Eric: Yeah digital is moving to the front especially during Covid. You know, we’re in a time where there’s never been a better time to work on digital because in-person events are not possible in-person meetings are not possible flying around is not possible taking your customers golfing is not possible. The only thing really truly possible in 2020 is what we’re doing right now, which is a virtual experience through this recording but that should extend to all of digital and you know, I’m optimistic that things are going to turn and get better soon, but it’s really made digital the focus and Salesforce, you know is deeply committed to not impose our org chart on our customers which we do in many ways today, but we’re really investing to rethink all of its stack, the data strategy, and the front-end experience in ways that are centered around the customer and not around our org chart.

Anthony: You did touch on Covid-19 how did it actually impact how you personally organize your work?

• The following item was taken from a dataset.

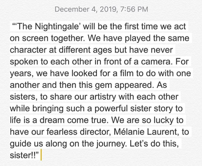 她们即将在电影《夜莺》中饰演亲姐妹,这是她们第一次在大银幕上演对手戏。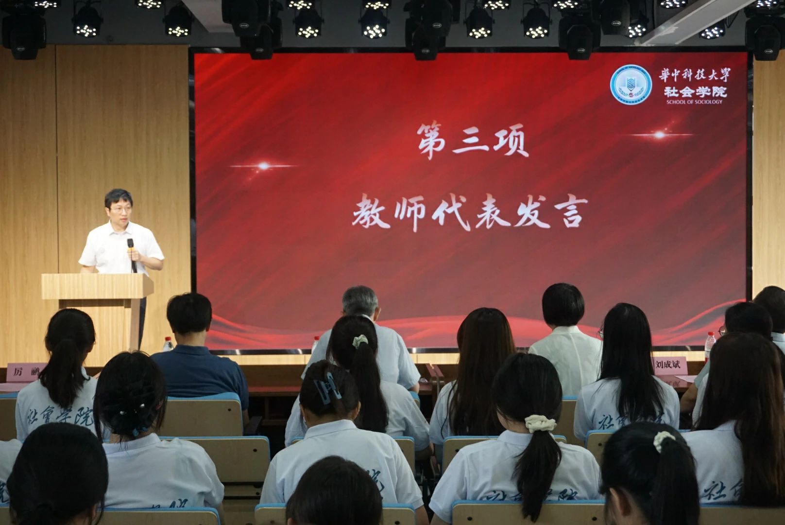 研究生老生代表,2023级社会学硕士朱乘慧从自我的学习经历出发,向大家分享了他在华科修习的“三堂课”。即在课堂上博闻广识,不懈求索;在田野里躬行实践,领悟社会真谛;在研究中承前人之所悟,感群众之所感,知社会之所在。他寄望新生们“拥有鲜活的热忱和勇气,保持浓烈的好奇与求知欲,从实求知,胸怀家国,笃学力行,善世正心”。

Eric: Well, welcome to my home office. I live in San Francisco. I used to go to the Salesforce tower downtown every day. So we, like everybody, have been working from home. Salesforce has a very conservative approach to it. I haven’t been to the office since February and I don’t think we’re going to open our offices until the vaccine is very widely distributed and I’m up again hopeful that it will be sooner than later, but we had to rethink a lot of things we’ve gone through a lot of change. One of the interesting things for Salesforce was the recognition very early on that the world has changed and we need to change and I’ll never forget because Marc Benioff is so actively involved in so much of our every aspect of the business, you know, he uses the word relevance and if we’re out talking about our products and we’re not talking about Covid and the shelter in place and quarantine then we’re not relevant. We can’t pretend life is normal, life isn’t normal right now. So we’ve adapted our business in many ways, and we’ve adapted our message in many ways, and you know to be relevant in 2020 you have to be thinking about the impact of Covid, and quarantine some of our industries, the industries that we sell to are impacted. Profoundly in you know, if you’re an airline or you’re a hotel right now, if you’re not really, you know, thinking about a new CRM system, but if you are you know, a government rolling out, you know public service is whether it’s you know, relief or healthcare services or other vaccines we can help them with that and lots of other businesses are investing in digital right now and it does give us an opportunity in certain other areas. So it’s been a big year of change. We have adopted the org we’ve adapted our strategy and so far so good. So we’re looking forward to better days and hopefully, there are not too far out but it’s been impressive to see how Salesforce not only adapted our products but adapted to the company, the company itself to kind of recognize that this is a new reality that is now going to work. You know, we’re probably never going back to the prior world. I just want to give one final example of how well people adapted to working remotely. I think that’s going to have a very profound impact on office space, remote workers, our ability to recruit in places other than San Francisco, and how we’re going to think about, you know, distributed workforce forever, vaccines or not. I think that is going to really stay with us.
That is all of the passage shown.